In the end, Edmund himself managed to strike a deal that was acceptable to everyone. Those who wished to return to their homes would be able to do so with a guarantee of safety issued by Rahmi himself. He selected a guard of twelve gendarmes who were to be permanently based in the village. Those who wished to leave, meanwhile, would be allowed to board the Greek steamer and take all their possessions with them.

In the event, the villagers decided to leave en masse. Having heard dark stories of massacres up and down the coastline, they no longer felt safe and asked to be taken off that very day.

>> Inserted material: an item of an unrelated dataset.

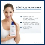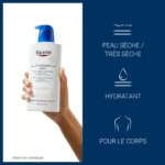 EUCERIN  UreaRepair PLUS. Emollient Réparateur, 5% d'urée. + Techonologie AquaPorin. Peaux très sèches, squameuses et irritées. Limite la perte insensible en eau . Renforce la barrière lipidique. Rétablit la synthèse naturelle d'hydratation par la peau. Pour un apaisement efficace des signes de la peau . Sans parfum – 400ml.

With no desire to witness the spectacle of their departure, Edmund and his wife set off into the bay on the
Helen May
. But later that evening, his little yacht passed quite close to the Greek steamer. ‘I never expect to see such a sight again,’ he wrote. ‘Herded about the ship in every corner available were donkeys, goats, sheep, pigs, dogs and poultry mixed up with crowds of men, women and children of all ages.’ The villagers had taken absolutely everything they possessed. ‘Baggage and litter of every description were piled up in all sorts of ways, as even doors and shutters had been wrenched from the houses and carried away. Quite a lot of this was hanging on the rigging Christmas-tree like.’ There were too many people to fit aboard the steamer so other craft had been requisitioned. ‘The steamer had about fifteen or more small boats in tow, all likewise full of baggage and with one or more human beings in charge.’

When the Greek villagers caught sight of the
Helen May
, they let out a great cheer. ‘The people must have been glad to get away and feel quite safe at last, for the shouts which greeted us as we passed afforded unmistakable evidence of this.’

Edmund had promised the villagers that he would continue to water their crops and harvest them when they were ready. This he duly did, selling them in Smyrna and then delivering the money to the islanders who had built new lives on Mytilene.

Although Edmund was glad that he had been able to evacuate the villagers in some semblance of order, he was desperately sorry to see them go. ‘I do not think that I shall ever forget the awful loneliness which brooded over the village after its evacuation by the inhabitants, about four thousand souls. A few stray dogs and cats were the only living creatures left behind and it was pitiful to hear the dogs howl at night.’

The evacuation of Long Island was one of the last upheavals in the long months of unrest. A visit to Smyrna by the Minister of the Interior defused the tension and the
chettes
’ reign of terror temporarily came to an end. But as the summer heat intensified, it became increasingly apparent that all was not well in the world of international politics. Turkey was about to become embroiled in the countdown to war – and the side that she would take in the forthcoming conflict would be decided not in Smyrna or in Constantinople, but in the English city of Newcastle, on the River Tyne.